CPP bought Cork-based Blink in March this year for an initial sum of €1m (£920,000). The insurtech start-up, one of the companies that made it into the FCA’s start-up testing zone, offers a flight cancellation product.
CPP put its UK businesses, Card Protection Plan Limited (CPPL) and Homecare Insurance, into “managed decline” earlier this year after the units’ respective regulators, the FCA and the PRA, lifted the restrictions on the firms’ capital and assets – though not their trading.
The two units were hit with restrictions on what they could sell, called a voluntary variation of permissions (VVOP), in November 2012 after their then regulator, the FSA, fined them for mis-selling.
CPP said in its first-half results statement this morning: “The group decided to place the CPPL back book into managed decline and new business opportunities in the UK will now be focused through Blink.
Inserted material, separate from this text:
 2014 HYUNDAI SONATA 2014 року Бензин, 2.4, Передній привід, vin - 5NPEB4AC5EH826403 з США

“This marks a significant step in the UK business and allows the group to focus resources on revenue generating opportunities.”
It added: “Through Blink, CPP will extend its regulatory presence in the UK and an application for full trading permissions is in the process of being submitted to the FCA.
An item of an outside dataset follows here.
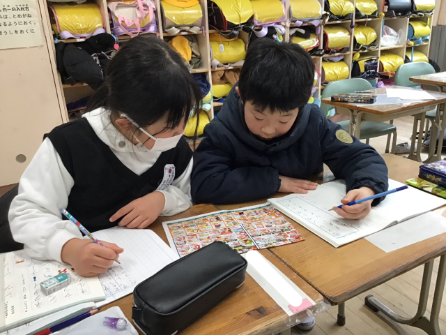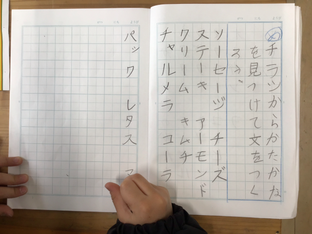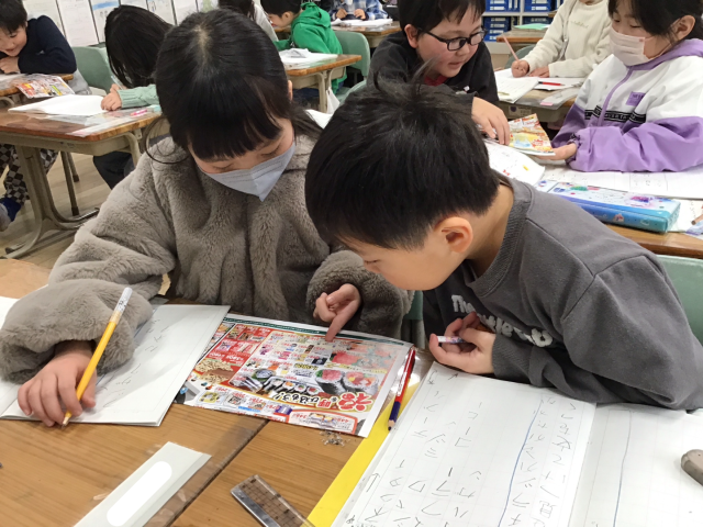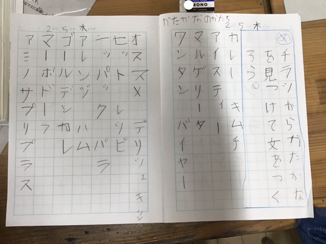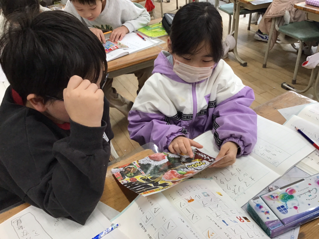 友だちと一緒に、チラシをよく見てかたかなを探し、ノートに書くことができました。ノート3ページ分もかたかなを見つけていた人もおり、一生懸命活動に取り組んでいました。

“The Group will use Blink as a platform to develop innovative assistance and insurance products both for the UK market and internationally. In the UK this will also involve a relaunch of the UK’s distribution network.”
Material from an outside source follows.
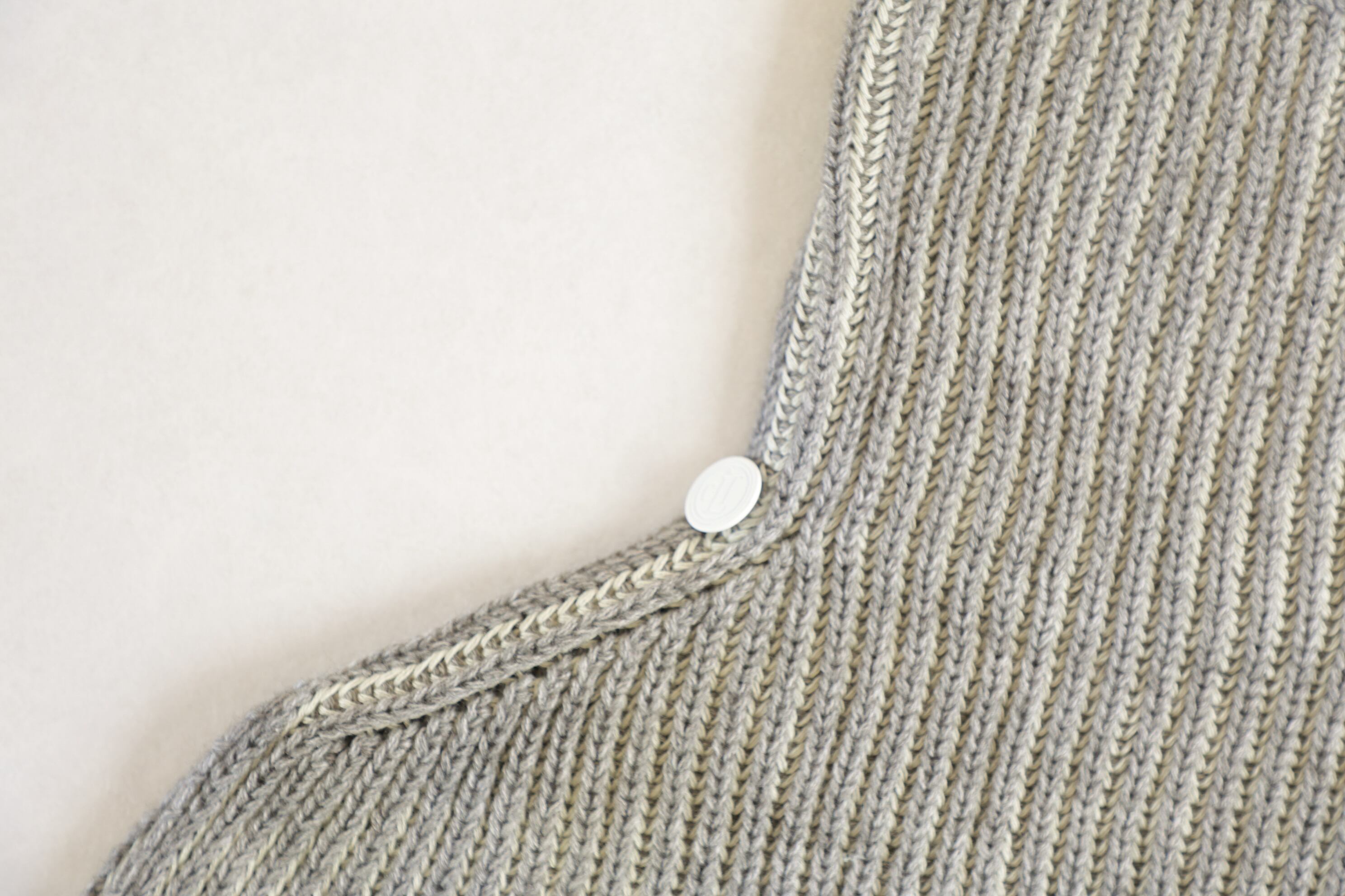 アクリルウール糸とコットン糸、2種の糸で両畔に編み上げることにより、2色の糸色がストライプに見えるタートルネックケープ。

First growth in five years
As a result of the decision to reduce the UK book, UK revenues fell 26% to £11.4m in the first half of 2017 from £15.3m in the same period last year.
Despite the decline in UK revenues, CPP Group as a whole was able to grow for the first time in five years in the first half of 2017.
Overall revenues increased by 18% to £41.8m in the first half of 2017 (H1 2016: £35.4m) driven by a 52% jump in its international revenues to £30.3m (H1 2016: £20m).
UK and Ireland makes up 28% of group revenue.
Operating profit was up 2% to £2.7m (H1 2016: £2.6m.
But the company added that underlying operating profit dropped 42% to £2.1m (H1 2016: £3.6m) because the growth from its increasing international customer base is not yet covering the decline in the higher-margin UK business.